Lectura Práctica para idiotas

poema de GlaemParls

Hace unos meses me regalaron el Manual del Sexo oral
sin previa complicidad, en un performance
bastante parecido a los cristianos que
reparten tratados condenando al fuego eterno…

900 páginas ilustradas de verdaderos
ejercicios para convertir lengua y labios
en figuras importantes de la gimnasia olímpica…

¡El libro rápidamente me cautivo por completo, tanto así, que en dos semanas lo ley tres veces! Lo único que me faltaba era la parte practica, que en este caso, para
un hombre de 37 años, sin novia, sin empleo, sin dinero y sin amigas secretas,
todo se dificulta a su máxima expresión.

Desesperado por poner en marcha lo aprendido, le comente la situación a varios intelectuales, artistas, poetas, músicos, pero todos terminaron burlándose o cabizbajos ante lo miserable y aburrida que se había convertido mi vida.

Se me ocurrió pedirle el favor a mi vecina, pero rápidamente recordé que su marido vivía públicamente rascándose las bolsas y oliéndose los dedos como quien anda buscando la quinta esencia del prurito.
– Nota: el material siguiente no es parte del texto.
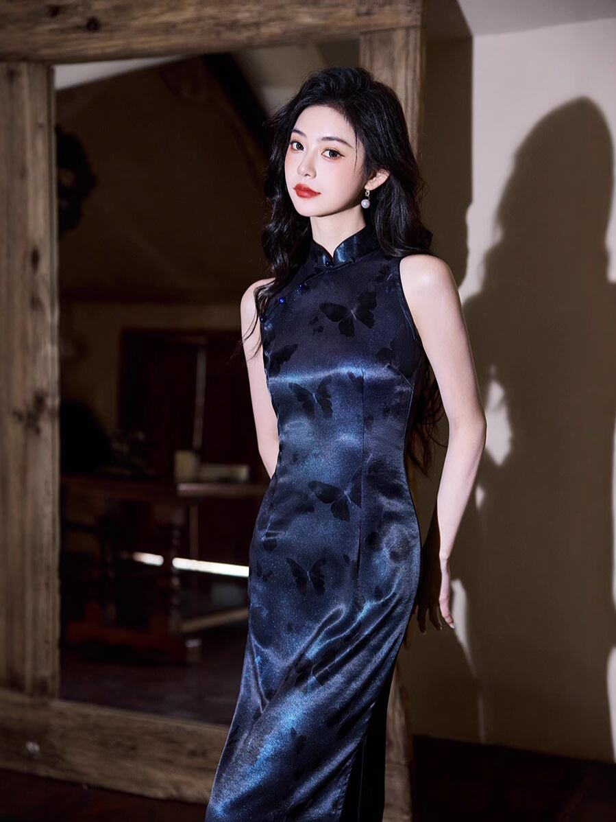 チャイナドレス ノースリーブ スタイリッシュ レディース 中国風 春夏 レトロ 流金サテン オーロラカラープリント ロング丈 スリムフィット 細見え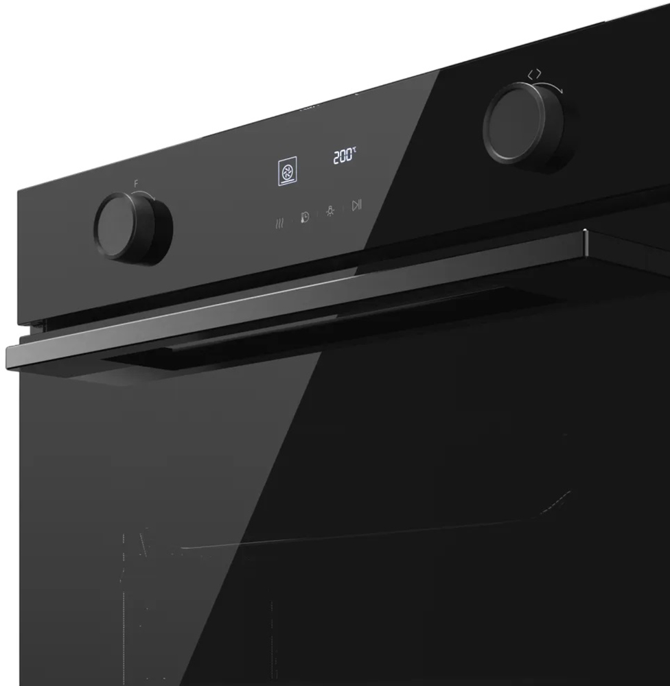 Особенности дизайна и внешней панели управления — также важный пункт при выборе духовки на кухню. В данной модели нужно обратить внимание на цвет — черный,

¡Finalmente encontré en Google la salvación!
¡veganismosexual.com!

Cliqueando en ese universo, quede asombrado por el artículo titulado: como hacerle el sexo oral a una tayota sin lastimar la lengua.

Al terminar de leer tan brava manifestación del saber, fue imposible no pensar en melón, mango, melocotón, sandia, papaya: En fin, tenía toda la selva amazónica dando vueltas y vueltas en mi cabeza

Inicie las rutinas con tayota, -primero cruda, después hervida- fui agregando poco a poco nuevas frutas y vegetales: ¡Me pasaba horas tras horas comiendo, día tras día practicando!

Cuando me canse de todo ese silencio fantasioso, tire por la ventana el maldito manual del sexo oral y decidí buscar ayuda sicológica, fue entonces cuando llegue a la consulta de la terapeuta Virginia Johnson quien me inspiro a escribir este texto.